The fullest reconstruction of Miran Shah's household is that of the historian John E. Woods, whose genealogical tables record twelve consorts and twenty children. Woods lists the consorts in a single sequence rather than dividing them into wives and concubines, annotating some as quma (concubine) and others as dukhtar-khana, a term used of women of a ruler's household; the numbering below follows his. (Note: Woods's table brackets the names of other members of the dynasty after four of the children: Timur's wife Saray Mulk Khanum after Khalil Sultan; Timur's wife Tuman Agha after Biki Sultan, together with an atabak, Dulaka Qauchin, and an ataka, Muhammad Khvaja; and Timur's grandson Muhammad Sultan after the unnamed son of Fakhira and after Gulshan Beki.
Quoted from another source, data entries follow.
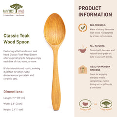 Handcrafted from Natural Teak Wood: Each spoon is individually carved for a unique natural grain pattern.
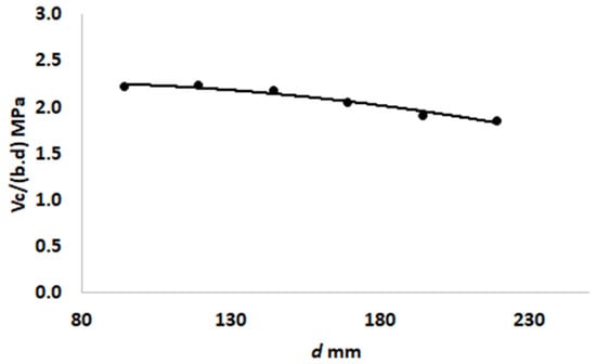 Figure 14 shows the effect of the effective depth of the beam d on the shear strength of the beam (Vc/b.d). The shear strength is expressed as Vc/b.d to emphasize the effect of d as a representation of the size effect on the shear strength of concrete. Figure 14 indicates that the larger the beam size, the smaller the value of the shear strength. This is in line with the theory put forward by Bazant et al. [] and which is also confirmed by the test results in other research [].
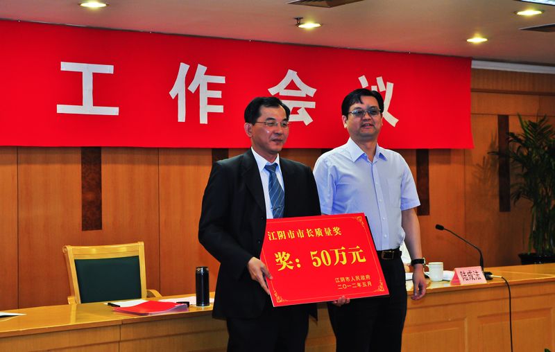 2012年在5月15日江阴市市政府召开的全市质量事情聚会上,,,,,,,ALLWIN·(china)集团官网喜获2011年度“江阴市市长质量奖”,,,,,,,费平副市长为ALLWIN·(china)集团官网揭晓了奖牌和50万元奖金。。。。。。。同期,,,,,,,ALLWIN·(china)集团官网还获得了江阴市政府授予的“江阴市卓越绩效治理树模基地”称呼。。。。。。。
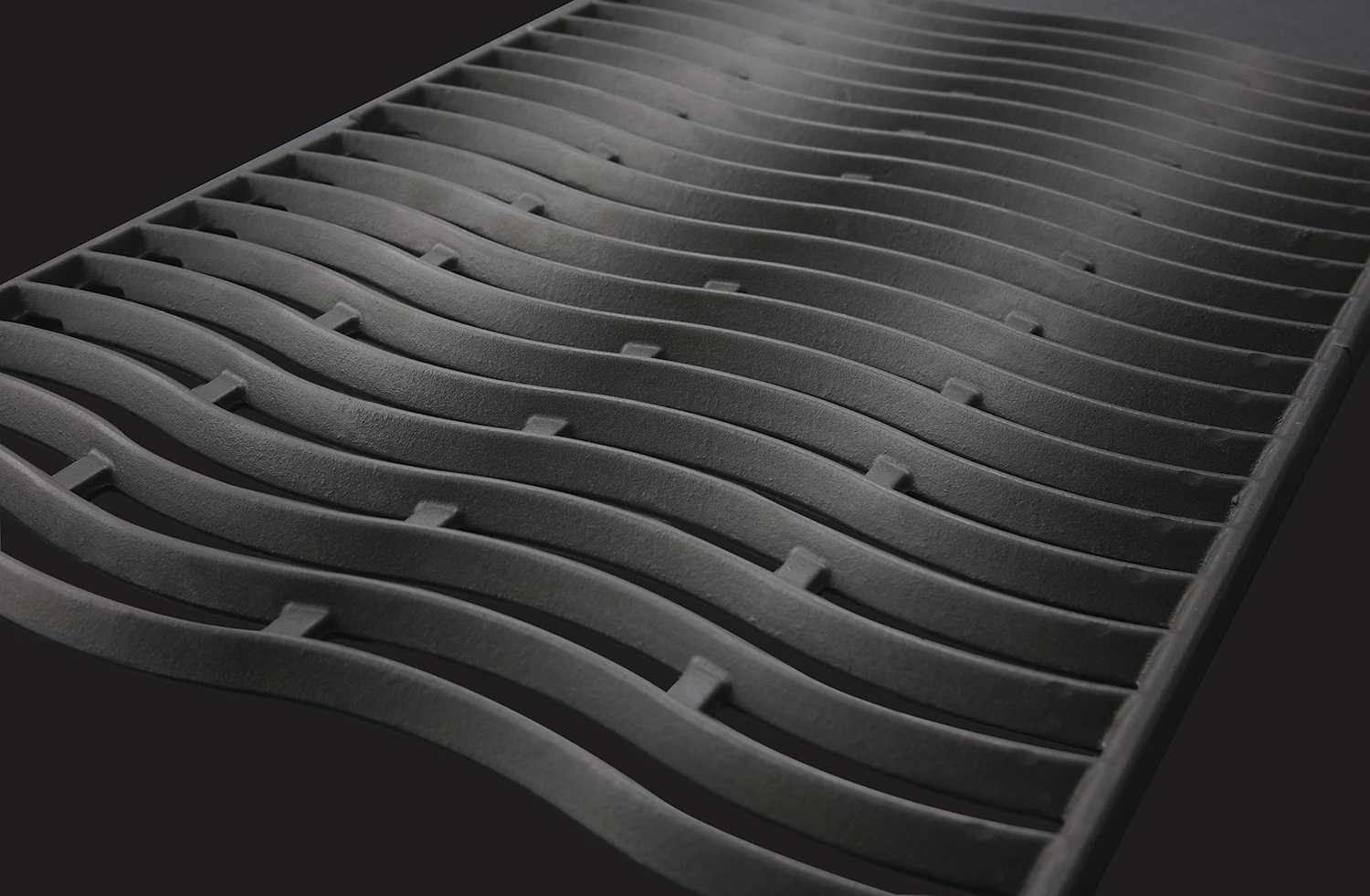 Hochwertige schwere Gusseisenroste bieten schnelle Aufheizphasen und tolle Brandings. Die Gussroste im WAVE- Design besitzen eine leichte Emaillierung, um die Reinigung zu vereinfachen.

These appear to record the households in which the children were brought up.)

1. Urun Sultan Khanika, daughter of Suyurghatmish Khan, a descendant of Ögedei Khan whom Timur installed as khan of the Chagatai Khanate; married c. 1380
  - Abu Bakr, born c. 1382, died 1409; he married Öruz Hatun, daughter of the Ottoman sultan Bayezid I and the Serbian princess Olivera Lazarević, in 1403, and had at least a daughter, Aisha
  - Umar, born c. 1383, died April 1407 at the age of 24
  - Qutlugh Sultan Khanum, married first Sultan Husayn Tayichiud (died 1405), by whom she had a daughter, Firuza Begum, and second, after 1405, a sayyid of Tirmiz
2. Daulat Galdi, daughter of Payanda Sultan, son of Jahangir Barlas
  - Sayyidi Ahmad, born c. 1408, after his father's death; he married first Ruqaya Sultan, daughter of Qara Yuluk Uthman Beg, and second Sahib Sultan, and had five sons: Muhammad Baqir (died 1475), Timur Usman, Zaynal and Muzaffar by the first marriage and Ghazanfar (died 1490) by the second
3. Sevin Beg, known as Khanzada, daughter of Aq Husayn Sufi of the Qunqirat and of a daughter of Öz Beg Khan of the Golden Horde; widow of Miran Shah's brother Jahangir, married after 1376, died 1411. In an earlier study Woods identified her mother as Shukur Beg Agha, a daughter of Jani Beg.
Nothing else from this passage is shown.